Given entries:
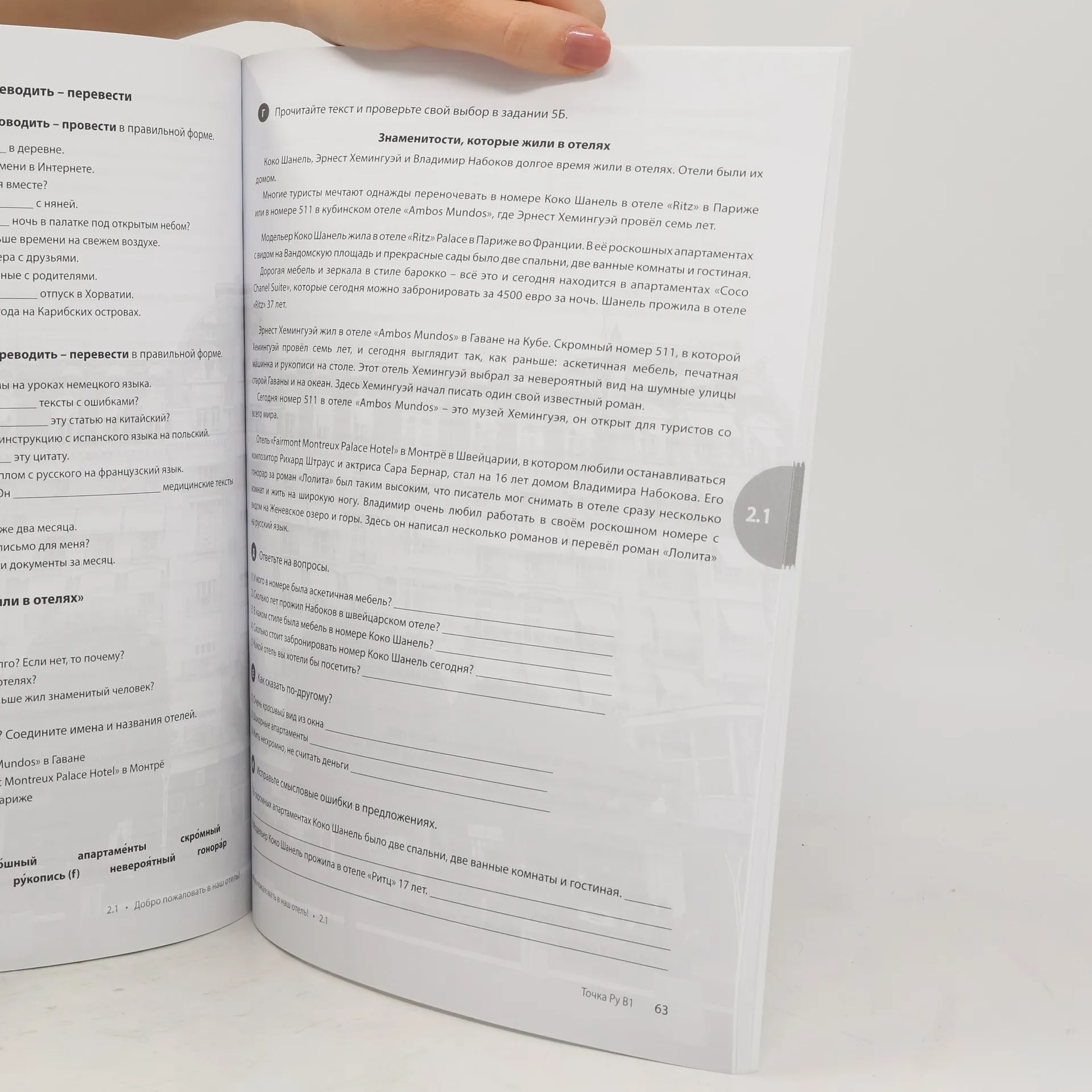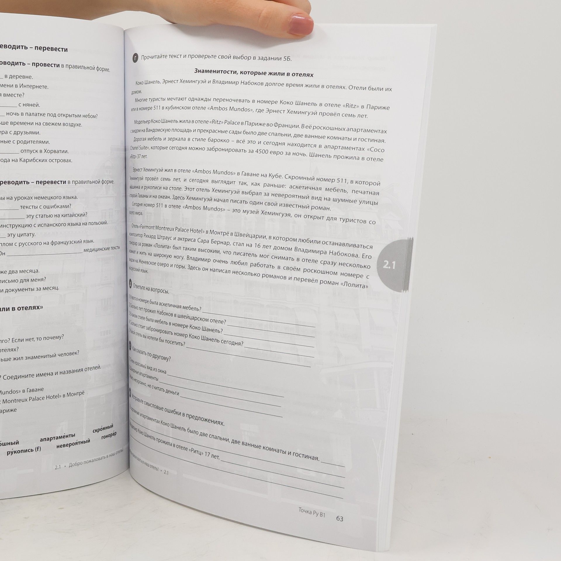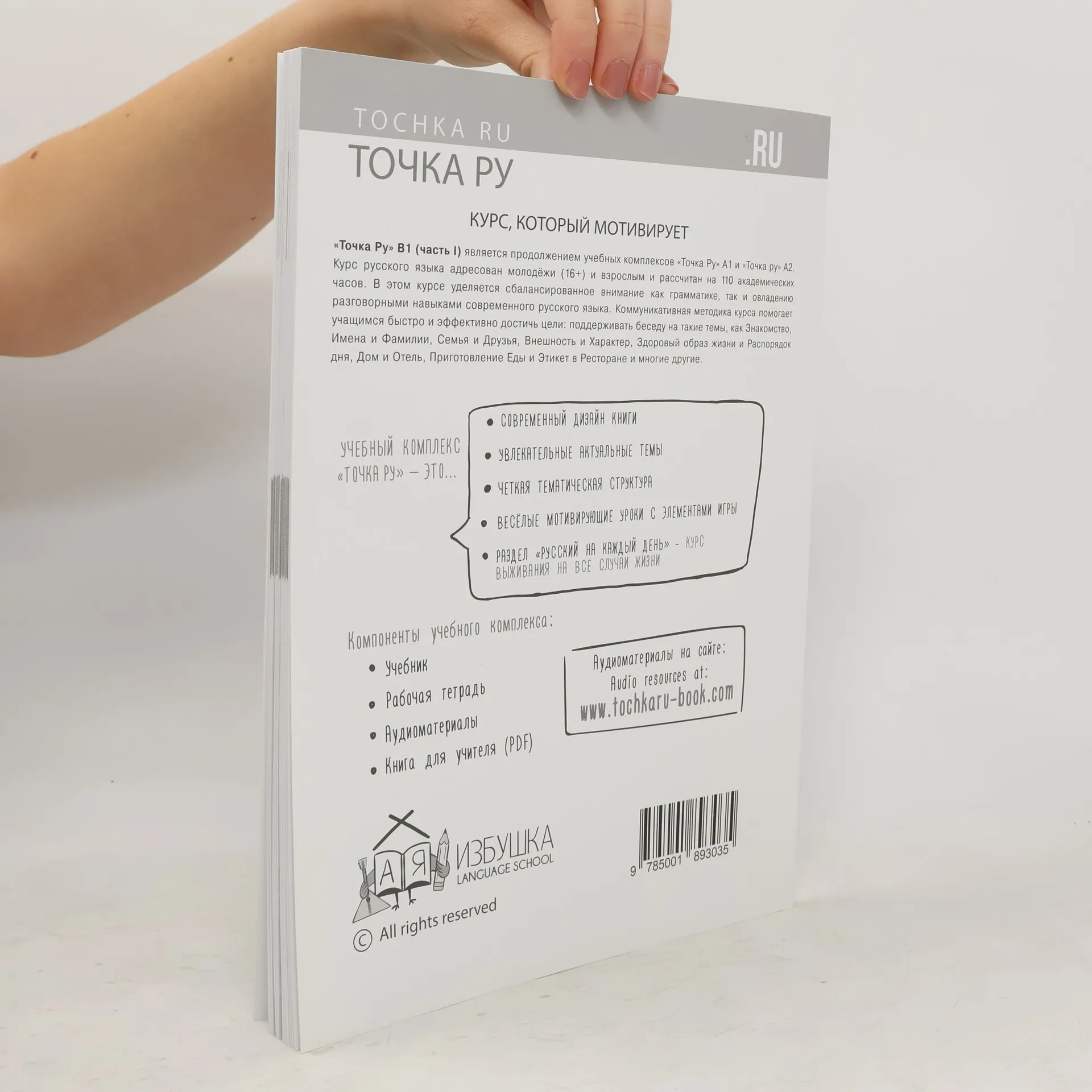 Tochka Russian Course B1 the lesson book and the workbook set.A set of two books, one for lessons and other for exercises.Audio resources are free of charge for those who purchased the book and are available at the bookâ€s web pages.The book set is meant to be used by those who study on their own as well as with a Russian language teacher. The text in the book is in Russian, the exercises are given in Russian, there are all the answers/keys to the exercises in the end of the book.This course is addressed to young people and adults and covers 220 academic hours. The perfect balance of grammar, vocabulary and conversational skills of modern Russian language is the key feature of this course. The combination of traditional and modern teaching methods helps students to achieve their goals quickly and efficiently.Teacherâ€s book is available only at the bookâ€s web pages.Tocka / Tochka ru / / Tocka ru / / Tocka.ru / Tochka.ru / Totchka / Toshka ru / Totska / Totska ru
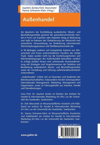 Erstes Kapitel: Einführung.- I. Außenhandel und internationales Marketing.- II. Die Bedeutung des Außenhandels für die deutsche Wirtschaft.- Zweites Kapitel: Erscheinungsformen, Rahmenbedingungen, Einflussfaktoren.- A. Erscheinungsformen, historische und künftige Entwicklung des Außenhandels.- I. Exporte als Basisform des Außenhandels: Erschließung ausländischer Absatzmärkte.- II. Importe als Basisform des Außenhandels: Erschließung ausländischer Beschaffungsmärkte und Produktionsstandorte.- III. Kompensationshandel als Sonderform des Außenhandels: Erscheinungsformen und Perspektiven des internationalen Tauschhandels.- IV. Außenhandelsunternehmen: Erscheinungsformen und Einschaltung.- B. Politische und unternehmensstrategische Einflussfaktoren.- I. Liberalisierung im Spannungsfeld von WTO und regionalen Integrationsabkommen.- II. Stand und kritische Analyse der globalen Liberalisierung: WTO, GATT, GATS, TRIPs und ihre Auswirkungen auf den Außenhandel.- III. Nicht-tarifäre Handelshemmnisse: Analyse der Auswirkungen auf den Außenhandel.- IV. Stand und kritische Analyse der regionalen Integrationsabkommen: EU.- V. Stand und kritische Analyse der regionalen Integrationsabkommen: NAFTA, MERCOSUR.- VI. Stand und kritische Analyse der regionalen Integrationsabkommen: ASEAN.- Drittes Kapitel: Selektions-, Eintritts- und Bearbeitungsstrategien ausländischer Absatzmärkte.- A. Selektion von Auslandsmärkten.- I. Internationale Marktauswahl: Konzepte und Methoden.- II. Internationale Wettbewerbsanalyse: Bedeutung für exportorientierte Unternehmen.- III. Internationale Kundensegmentierung.- B. Export als Markteintrittsstrategie.- I. Export, kooperative und integrative Markteintrittsformen: Eine vergleichende Analyse.- II. Direkter vs. indirekter Export: Eine vergleichende Analyse.- III. Exportstrategien von Born Global Firms.- C. Bearbeitung internationaler Absatzmärkte.- I. Produkt- und Programmpolitik im Export: Die Perspektive der Industriegüterhersteller.- II. Country-of-Origin-Effekte: Bedeutung und Implikationen für das Internationale Marketing.- III. Servicepolitik im Export: Die Perspektive der Industriegüterhersteller.- IV. Servicepolitik im Export: Die Perspektive der Dienstleistungsanbieter.- V. Preispolitik im Export: Die Perspektive der Pkw-Industrie.- VI. Internationales Pricing im B2B-Geschäft.- VII. Integrierte Kommunikation für Marken im Export.- VIII. Key-Account-Management im Export: Die Perspektive der Konsumgüterhersteller.- IX. Key-Account-Management im Export: Die Perspektive der Industriegüterhersteller.- X. Das Internet als Kommunikations- und Distributionskanal im Export: Perspektiven für den B2B- und B2C-Bereich.- D. Ausgewählte Fallbeispiele.- I. Bewertung des Risikos von Auslandsmärkten: Das BERI-Konzept.- II. Exportmarketing: Das Fallbeispiel Hager.- III. Markenpolitik auf Exportmärkten: Das Fallbeispiel Alpina.- IV. Internationale Werbeplanung in der Automobilbranche.- Viertes Kapitel: Selektions-, Eintritts- und Bearbeitungsstrategien ausländischer Beschaffungsmärkte.- A. Erscheinungsformen und Konzepte.- I. Analyse und Auswahl ausländischer Beschaffungsmärkte: Konzepte und Methoden.- II. Marktorientierte Formen des Auslands-Sourcing: Eine vergleichende Analyse.- III. Importe auf Basis kooperativer und integrativer Sourcing-Optionen: Eine vergleichende Analyse.- IV. E-Procurement und internationale Beschaffung.- V. Internationales Supplier-Relationship-Management: Perspektiven in der internationalen Beschaffung.- B. Spezialaspekte des Einzelhandels.- I. Außenhandel des Einzelhandels: Bedeutung und Besonderheiten.- II. Kooperative Strategien der Auslandsbeschaffung: Das Beispiel der GARANT SCHUH + MODE AG.- Fünftes Kapitel: Management des Außenhandels.- A. Gestaltung der Außenhandelstransaktionen.- I. Standardisierungsansätze zur Reduktion der Transaktionskosten im Außenhandel: Ein Überblick.- II. Internationales Kaufvertragsrecht.- III. Risikomanagement im Außenhandel: Ein Überblick.- IV. Instrumente zur Absicherung gegen Fremdwährungsrisiken.- B. Führung außenhandelsorientierter Unternehmen.- I. Organisation außenhandelsorientierter Unternehmen: Strukturelle und prozessuale Formen.- II. Controlling: Besonderheiten im Außenhandel.- III. Herausforderungen an ein globales Supply-Chain-Management.- IV. Informationsmanagement außenhandelsorientierter Unternehmen: IT-Systeme als Voraussetzung.- C. Ausgewählte Fallbeispiele.- I. Standardisierungsansätze im internationalen Zahlungsverkehr: Ein Überblick.- II. Ausfuhrkreditversicherungen als Instrument des Risikomanagements: Das Fallbeispiel Euler Hermes.- III. Supply-Chain-Management im Export: Das Beispiel BLG Automotive.- Stichwortverzeichnis.
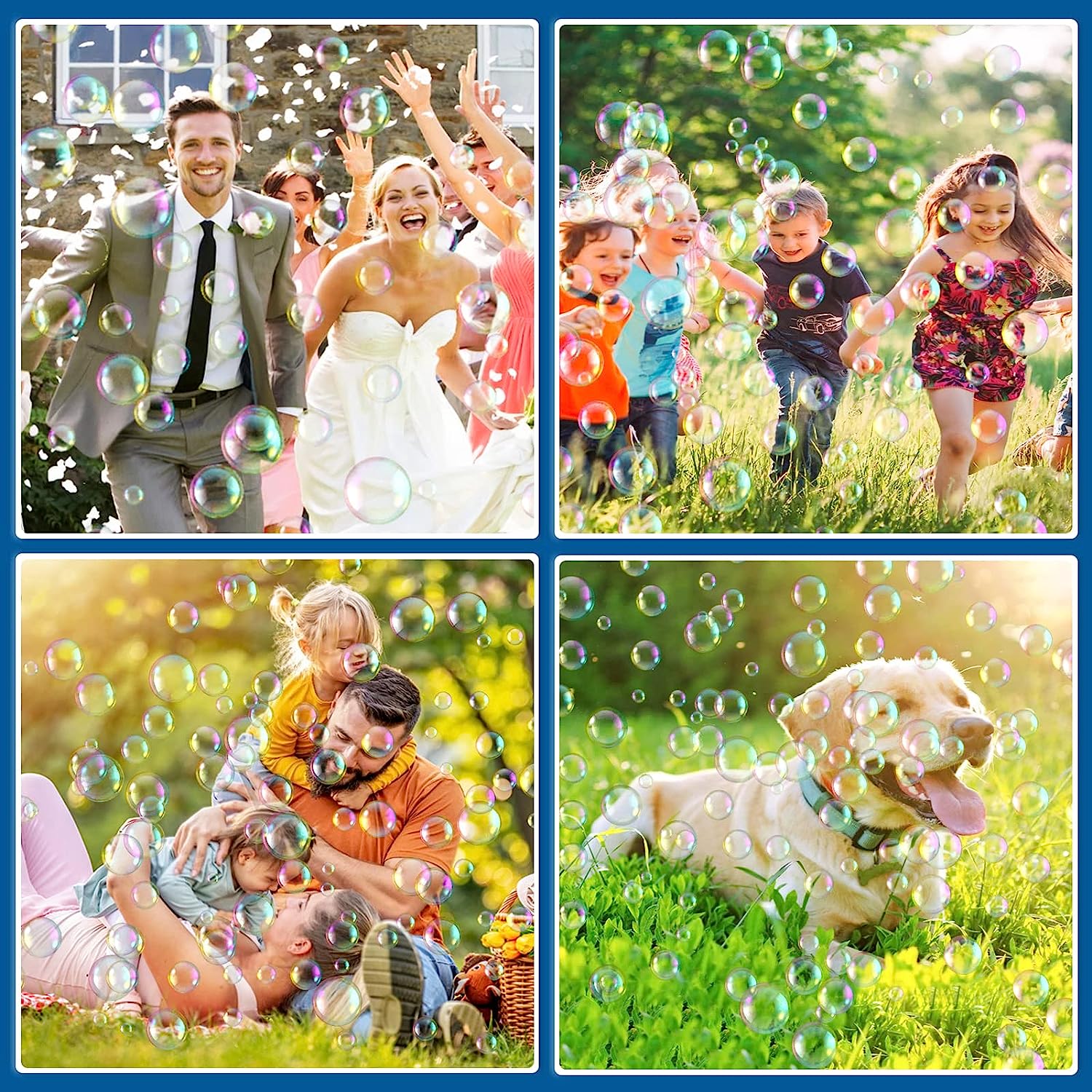 360 Degree Use Will Not Leak - Compared with other leaked bubbles machine gun, we have upgraded the bubble machine gun, seal the bubble interface and ensure that the bubble machine gun fits the bubble bottle perfectly, besides, we use the strict quality inspection to ensure that the bubbles fluid does not leak and make hands dirty or sticky.
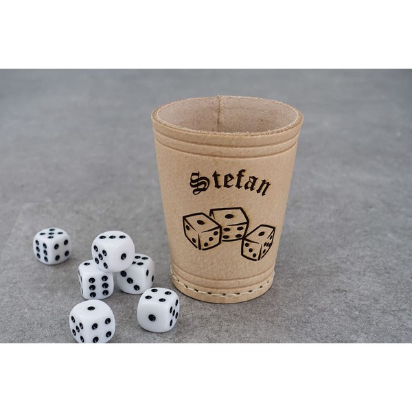- The engraving: customise your dice cup with a personalised name engraving. Material: leather is a natural product and may differ from the product image.
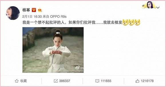 去年《三生三世》熱播,楊冪在司音一段劇情梳的大光明道童頭被網友刷屏吐槽,逼得大冪冪只好自嘲要去植髮。而出演《醉玲瓏》的韓雪,也自嘲“美髮就來離鏡天,你值得擁有”。
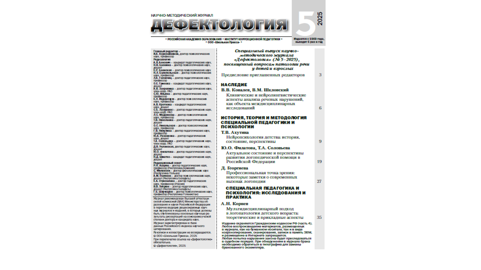 Вышел в свет специальный выпуск научно-методического журнала «Дефектология» (№ 5 – 2025), в котором представлены статьи по материалам ключевых докладов II Международного симпозиума «Проблемы патологии речи у детей и взрослых», состоявшегося 16–18 октября 2024 года в Москве.
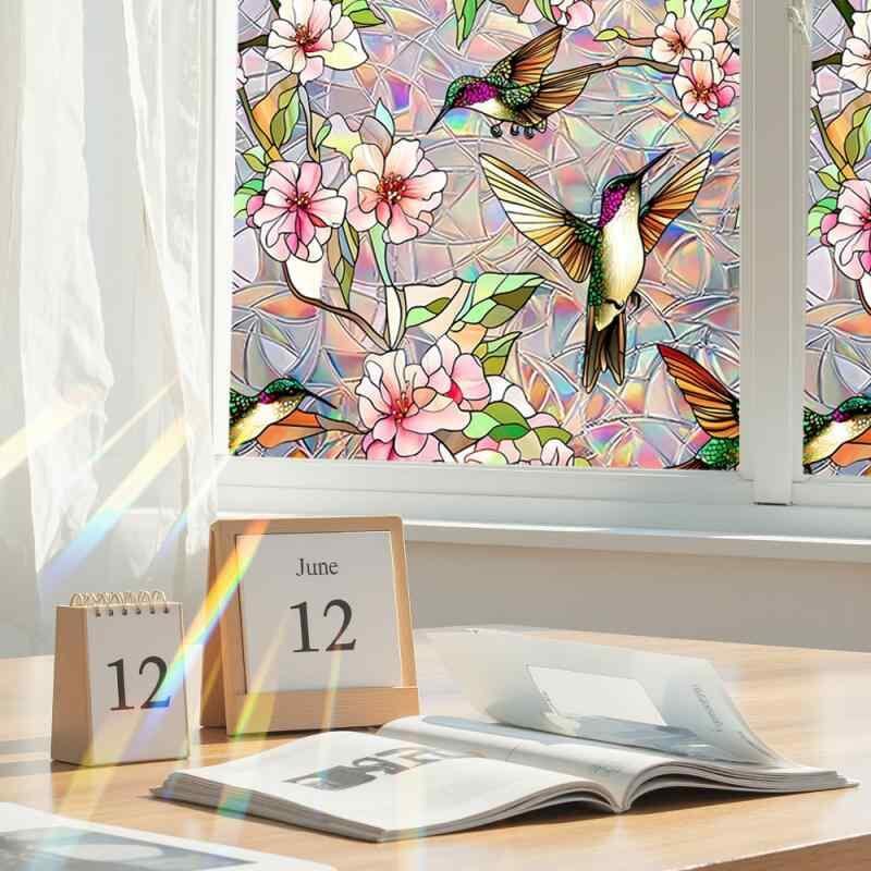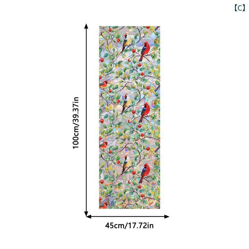 窓用フィルム 静電気吸着 ステンドグラス風 カラフル リーフ柄 小鳥 ボタニカルデザイン 鳥衝突防止 目隠し UVカット 飛散防止 リビング 寝室 浴室 玄関 窓 装飾フィルム

What the exercise asks:
Retype every record above exactly as written, but leave out the pictures.

Result of this exercise:
 Tochka Russian Course B1 the lesson book and the workbook set.A set of two books, one for lessons and other for exercises.Audio resources are free of charge for those who purchased the book and are available at the bookâ€s web pages.The book set is meant to be used by those who study on their own as well as with a Russian language teacher. The text in the book is in Russian, the exercises are given in Russian, there are all the answers/keys to the exercises in the end of the book.This course is addressed to young people and adults and covers 220 academic hours. The perfect balance of grammar, vocabulary and conversational skills of modern Russian language is the key feature of this course. The combination of traditional and modern teaching methods helps students to achieve their goals quickly and efficiently.Teacherâ€s book is available only at the bookâ€s web pages.Tocka / Tochka ru / / Tocka ru / / Tocka.ru / Tochka.ru / Totchka / Toshka ru / Totska / Totska ru
 Erstes Kapitel: Einführung.- I. Außenhandel und internationales Marketing.- II. Die Bedeutung des Außenhandels für die deutsche Wirtschaft.- Zweites Kapitel: Erscheinungsformen, Rahmenbedingungen, Einflussfaktoren.- A. Erscheinungsformen, historische und künftige Entwicklung des Außenhandels.- I. Exporte als Basisform des Außenhandels: Erschließung ausländischer Absatzmärkte.- II. Importe als Basisform des Außenhandels: Erschließung ausländischer Beschaffungsmärkte und Produktionsstandorte.- III. Kompensationshandel als Sonderform des Außenhandels: Erscheinungsformen und Perspektiven des internationalen Tauschhandels.- IV. Außenhandelsunternehmen: Erscheinungsformen und Einschaltung.- B. Politische und unternehmensstrategische Einflussfaktoren.- I. Liberalisierung im Spannungsfeld von WTO und regionalen Integrationsabkommen.- II. Stand und kritische Analyse der globalen Liberalisierung: WTO, GATT, GATS, TRIPs und ihre Auswirkungen auf den Außenhandel.- III. Nicht-tarifäre Handelshemmnisse: Analyse der Auswirkungen auf den Außenhandel.- IV. Stand und kritische Analyse der regionalen Integrationsabkommen: EU.- V. Stand und kritische Analyse der regionalen Integrationsabkommen: NAFTA, MERCOSUR.- VI. Stand und kritische Analyse der regionalen Integrationsabkommen: ASEAN.- Drittes Kapitel: Selektions-, Eintritts- und Bearbeitungsstrategien ausländischer Absatzmärkte.- A. Selektion von Auslandsmärkten.- I. Internationale Marktauswahl: Konzepte und Methoden.- II. Internationale Wettbewerbsanalyse: Bedeutung für exportorientierte Unternehmen.- III. Internationale Kundensegmentierung.- B. Export als Markteintrittsstrategie.- I. Export, kooperative und integrative Markteintrittsformen: Eine vergleichende Analyse.- II. Direkter vs. indirekter Export: Eine vergleichende Analyse.- III. Exportstrategien von Born Global Firms.- C. Bearbeitung internationaler Absatzmärkte.- I. Produkt- und Programmpolitik im Export: Die Perspektive der Industriegüterhersteller.- II. Country-of-Origin-Effekte: Bedeutung und Implikationen für das Internationale Marketing.- III. Servicepolitik im Export: Die Perspektive der Industriegüterhersteller.- IV. Servicepolitik im Export: Die Perspektive der Dienstleistungsanbieter.- V. Preispolitik im Export: Die Perspektive der Pkw-Industrie.- VI. Internationales Pricing im B2B-Geschäft.- VII. Integrierte Kommunikation für Marken im Export.- VIII. Key-Account-Management im Export: Die Perspektive der Konsumgüterhersteller.- IX. Key-Account-Management im Export: Die Perspektive der Industriegüterhersteller.- X. Das Internet als Kommunikations- und Distributionskanal im Export: Perspektiven für den B2B- und B2C-Bereich.- D. Ausgewählte Fallbeispiele.- I. Bewertung des Risikos von Auslandsmärkten: Das BERI-Konzept.- II. Exportmarketing: Das Fallbeispiel Hager.- III. Markenpolitik auf Exportmärkten: Das Fallbeispiel Alpina.- IV. Internationale Werbeplanung in der Automobilbranche.- Viertes Kapitel: Selektions-, Eintritts- und Bearbeitungsstrategien ausländischer Beschaffungsmärkte.- A. Erscheinungsformen und Konzepte.- I. Analyse und Auswahl ausländischer Beschaffungsmärkte: Konzepte und Methoden.- II. Marktorientierte Formen des Auslands-Sourcing: Eine vergleichende Analyse.- III. Importe auf Basis kooperativer und integrativer Sourcing-Optionen: Eine vergleichende Analyse.- IV. E-Procurement und internationale Beschaffung.- V. Internationales Supplier-Relationship-Management: Perspektiven in der internationalen Beschaffung.- B. Spezialaspekte des Einzelhandels.- I. Außenhandel des Einzelhandels: Bedeutung und Besonderheiten.- II. Kooperative Strategien der Auslandsbeschaffung: Das Beispiel der GARANT SCHUH + MODE AG.- Fünftes Kapitel: Management des Außenhandels.- A. Gestaltung der Außenhandelstransaktionen.- I. Standardisierungsansätze zur Reduktion der Transaktionskosten im Außenhandel: Ein Überblick.- II. Internationales Kaufvertragsrecht.- III. Risikomanagement im Außenhandel: Ein Überblick.- IV. Instrumente zur Absicherung gegen Fremdwährungsrisiken.- B. Führung außenhandelsorientierter Unternehmen.- I. Organisation außenhandelsorientierter Unternehmen: Strukturelle und prozessuale Formen.- II. Controlling: Besonderheiten im Außenhandel.- III. Herausforderungen an ein globales Supply-Chain-Management.- IV. Informationsmanagement außenhandelsorientierter Unternehmen: IT-Systeme als Voraussetzung.- C. Ausgewählte Fallbeispiele.- I. Standardisierungsansätze im internationalen Zahlungsverkehr: Ein Überblick.- II. Ausfuhrkreditversicherungen als Instrument des Risikomanagements: Das Fallbeispiel Euler Hermes.- III. Supply-Chain-Management im Export: Das Beispiel BLG Automotive.- Stichwortverzeichnis.
 360 Degree Use Will Not Leak - Compared with other leaked bubbles machine gun, we have upgraded the bubble machine gun, seal the bubble interface and ensure that the bubble machine gun fits the bubble bottle perfectly, besides, we use the strict quality inspection to ensure that the bubbles fluid does not leak and make hands dirty or sticky.
- The engraving: customise your dice cup with a personalised name engraving. Material: leather is a natural product and may differ from the product image.
 去年《三生三世》熱播,楊冪在司音一段劇情梳的大光明道童頭被網友刷屏吐槽,逼得大冪冪只好自嘲要去植髮。而出演《醉玲瓏》的韓雪,也自嘲“美髮就來離鏡天,你值得擁有”。
 Вышел в свет специальный выпуск научно-методического журнала «Дефектология» (№ 5 – 2025), в котором представлены статьи по материалам ключевых докладов II Международного симпозиума «Проблемы патологии речи у детей и взрослых», состоявшегося 16–18 октября 2024 года в Москве.
 窓用フィルム 静電気吸着 ステンドグラス風 カラフル リーフ柄 小鳥 ボタニカルデザイン 鳥衝突防止 目隠し UVカット 飛散防止 リビング 寝室 浴室 玄関 窓 装飾フィルム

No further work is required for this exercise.